Transcribe word for word the lines below from the line with "山海奇闻2折相思菜单版是一款" through the line with "Vintage Punk rostdan", ends included.

_Data section_.
+===+

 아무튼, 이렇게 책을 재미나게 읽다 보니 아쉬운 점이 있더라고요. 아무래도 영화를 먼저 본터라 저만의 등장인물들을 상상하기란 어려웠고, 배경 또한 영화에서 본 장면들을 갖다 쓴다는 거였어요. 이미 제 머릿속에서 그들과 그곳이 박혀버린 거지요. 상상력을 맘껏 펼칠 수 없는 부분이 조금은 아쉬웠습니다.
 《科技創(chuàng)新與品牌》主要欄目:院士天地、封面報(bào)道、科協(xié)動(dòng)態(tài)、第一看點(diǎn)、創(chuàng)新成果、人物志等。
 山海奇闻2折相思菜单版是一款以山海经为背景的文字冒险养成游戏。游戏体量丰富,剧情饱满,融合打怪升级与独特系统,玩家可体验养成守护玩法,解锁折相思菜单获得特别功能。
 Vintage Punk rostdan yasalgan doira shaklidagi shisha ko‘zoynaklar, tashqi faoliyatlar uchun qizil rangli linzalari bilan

+===+

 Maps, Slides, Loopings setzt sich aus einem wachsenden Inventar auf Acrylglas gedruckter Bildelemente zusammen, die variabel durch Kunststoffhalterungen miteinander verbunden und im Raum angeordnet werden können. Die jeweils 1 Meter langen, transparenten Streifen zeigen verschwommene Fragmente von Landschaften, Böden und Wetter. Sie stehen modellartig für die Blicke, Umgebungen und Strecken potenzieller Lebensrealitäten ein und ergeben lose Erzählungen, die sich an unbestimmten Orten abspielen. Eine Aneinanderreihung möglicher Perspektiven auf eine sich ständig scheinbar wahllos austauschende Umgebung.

+===+

_Answer box_.
 山海奇闻2折相思菜单版是一款以山海经为背景的文字冒险养成游戏。游戏体量丰富,剧情饱满,融合打怪升级与独特系统,玩家可体验养成守护玩法,解锁折相思菜单获得特别功能。
 Vintage Punk rostdan yasalgan doira shaklidagi shisha ko‘zoynaklar, tashqi faoliyatlar uchun qizil rangli linzalari bilan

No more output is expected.